# Pride of Ringwood in Savannah GA!



## Bryan K (16/4/21)

This is hands-down my favorite hop and I was very fortunate to find some rhizomes here in the US. Any special tips on success from my upside down friends??


----------



## duncbrewer (16/4/21)

I'd look here 






Hops Growing


Forum for topics related to planting, growing and processing hops.




www.homebrewtalk.com





They're all a lot closer to you and should provide local knowledge . 

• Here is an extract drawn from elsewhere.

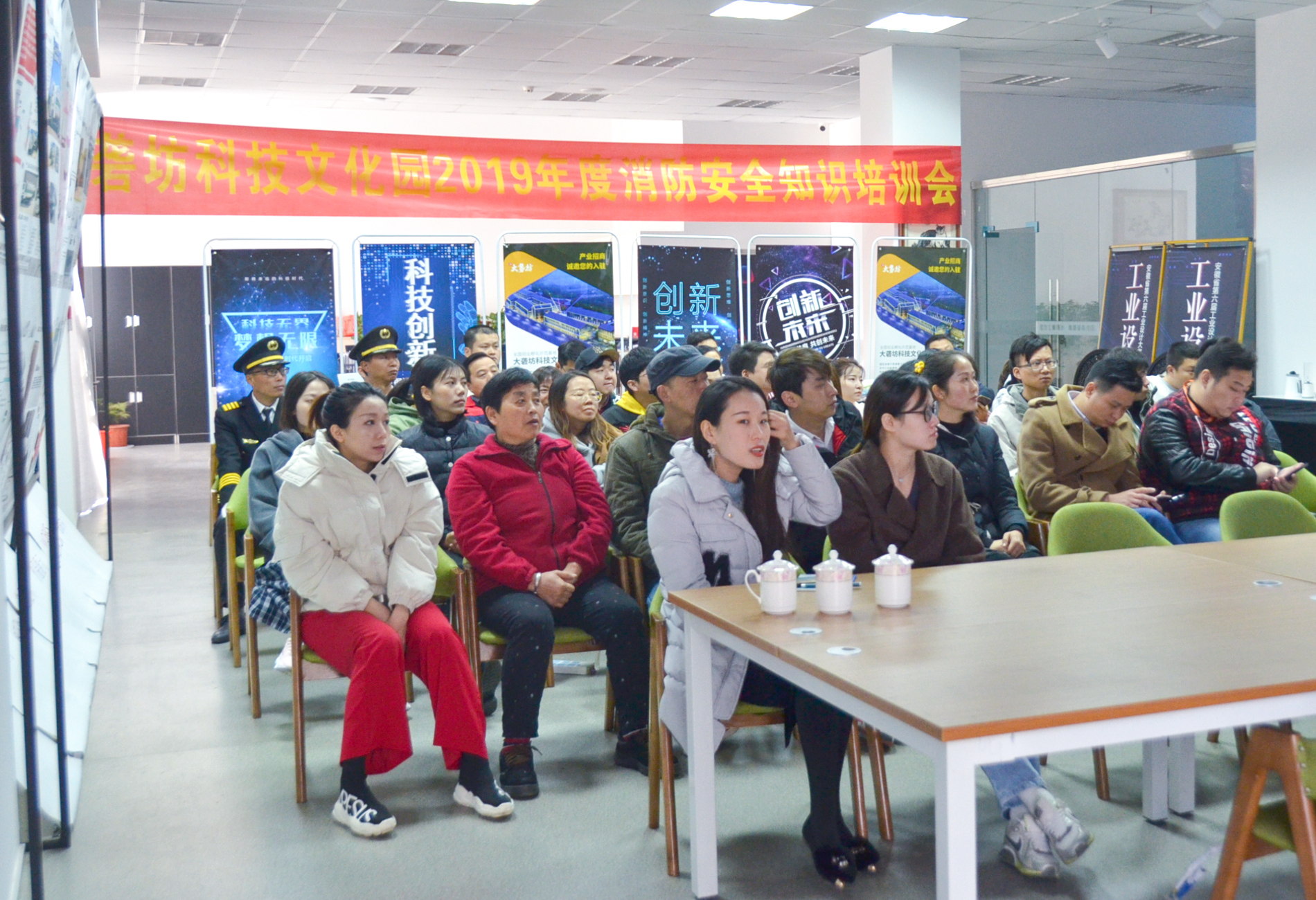 為加強園區企業人員的消防安全意識,進一步普及消防安全基本常識,學習掌握各種消防設施的使用方法,提高自防自救能力。大礱坊科技文化園于11月19日上午邀請金馬門消防中隊白教官,在A03棟一樓開展“消防安全培訓及演練”。園區企業負責人、消防安全責任人、企業行政、企業員工等共45人參與活動。

From memory you prune the new growth off until the 1st of May otherwise you get a weak growth. 
There's lots in that forum to help you.


----------



## scomet (16/4/21)

They require quite a bit of fertiliser, you will need larger pots soon, dont let them get dry and dont let the dogs eat them, very poisonous! and btw I agree they are a great hop.....


----------



## Feldon (16/4/21)

Good luck with it, BK, from someone who lives within a mile of where Pride of Ringwood hops were developed (at 483 Maroondah Highway, Ringwood, in Melbourne, Australia)
before the variety was first released in 1958. 
I think the site is a now the car park at Ringwood Square shopping centre.


----------



## Bryan K (17/4/21)

Thank you for the resource* *duncbrewer! I'll check that out. Thanks for the tips scomet! I already have bigger pots for them and will get some fertilizer soon. Thanks Feldon for the encouragement and bit of history!


----------



## duncbrewer (17/4/21)

It's odd that thing about hops being really poisonous to dogs. Seen plenty drinking beer in the pub. But that was in the UK and it was bitter so not a NEIPA. 
A plain chocolate NEIPA particularly dangerous for dogs then!


----------



## scomet (18/4/21)

Dunc, Many plants are poisonous in their 'raw' state but not so cooked! just look at some of the $hit the Japanese eat, _and_ how many deaths they have!!!


----------



## yankinoz (18/4/21)

J


scomet said:


> Dunc, Many plants are poisonous in their 'raw' state but not so cooked! just look at some of the $hit the Japanese eat, _and_ how many deaths they have!!!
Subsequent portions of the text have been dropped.